White matter rarefaction was common

Dr. Alosco and colleagues included 180 individuals in their analysis, excluding those aged younger than 40 years because of low pathologic burden and minimal presence of dementia. Mean age at death was nearly 68 years. Fifty patients had no or mild neurofibrillary tangle burden, and 130 had moderate to severe burden. Thirty-five patients had CTE at stage I or II, and 145 had CTE at stage III or IV. In all, 120 patients were determined to have had dementia. About 47% of the sample had moderate to severe white matter rarefaction, and about 47% had arteriolosclerosis. Infarcts, microinfarcts, and microbleeds were uncommon.

When the investigators created a simultaneous equations regression model and controlled for age and race, they found that more years of play was associated with more severe white matter rarefaction, greater phosphorylated tau accumulation, and high CTE stage. Furthermore, white matter rarefaction and dorsolateral frontal cortex neurofibrillary tangles were associated with dementia. The association of years of play with dementia was mediated by white matter rarefaction and neurofibrillary tangle burden. Arteriolosclerosis was not associated with years of play, but arteriolosclerosis was independently associated with dementia.
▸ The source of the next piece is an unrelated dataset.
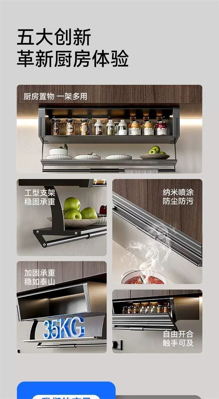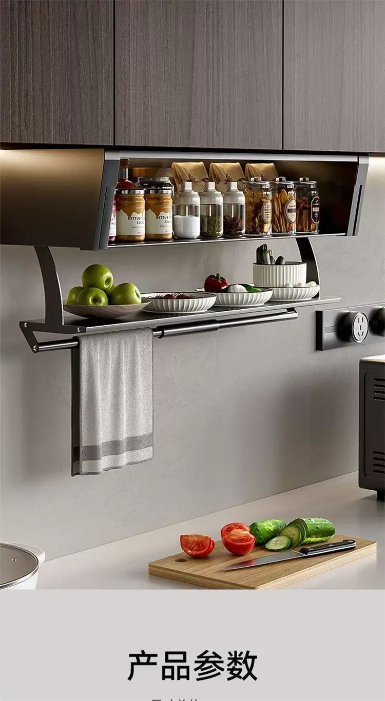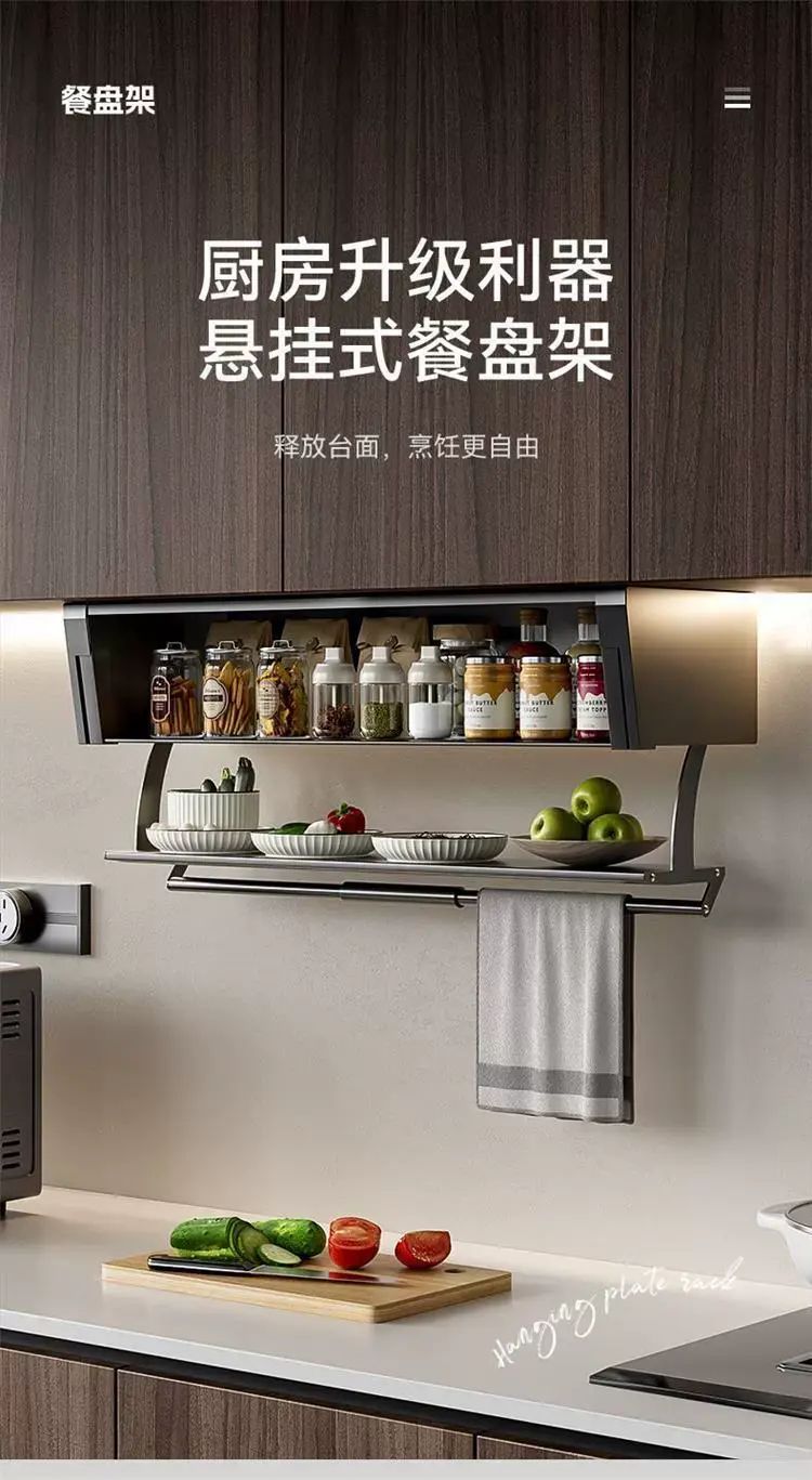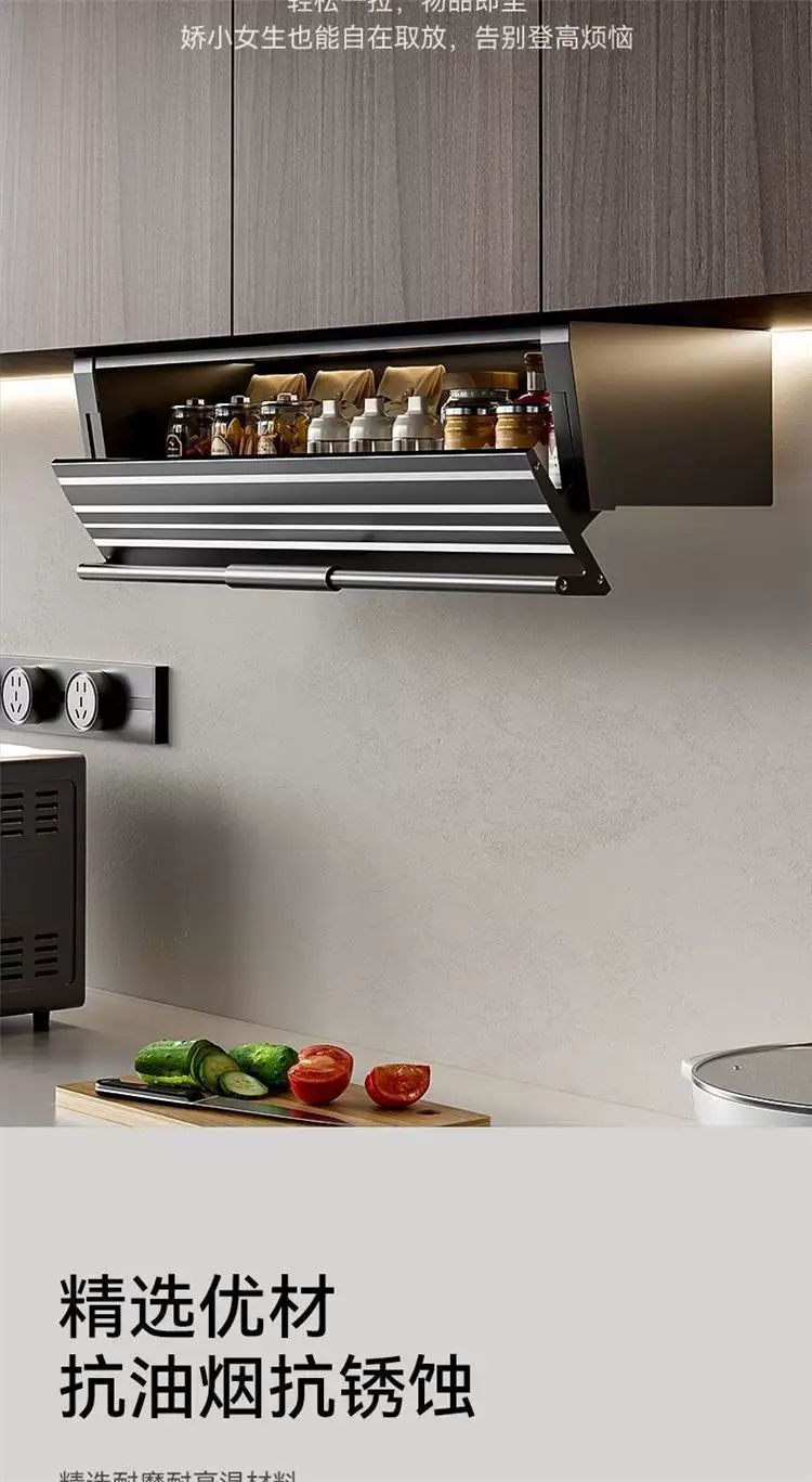 | Description | 厨房吊柜下拉式调料架调料盒挂墙壁挂式折叠储物架碗碟太空舱拉篮;;颜色分类:【吊柜置物架餐盘架】400柜 |

The odds ratio for dementia was 1.69 among participants with more severe white matter rarefaction and 1.81 among patients with arteriolosclerosis. After the researchers controlled for age and race, the odds ratio of dementia was 2.65 among participants with a high neurofibrillary tangle burden, compared with participants with a low burden.

“Studies that include direct cardiovascular disease and repetitive head impacts metrics and refined measures of white matter integrity are needed to improve understanding of the pathogenesis of white matter rarefaction and cerebral small vessel changes in CTE,” Dr. Alosco and colleagues wrote.

The study was funded by grants from the National Institute on Aging, National Institute of Neurological Disorders and Stroke, the Department of Veterans Affairs, the Nick and Lynn Buoniconti Foundation, and the National Center for Advancing Translational Sciences. Some of the authors reported financial ties to the pharmaceutical industry and serving on professional sports committees.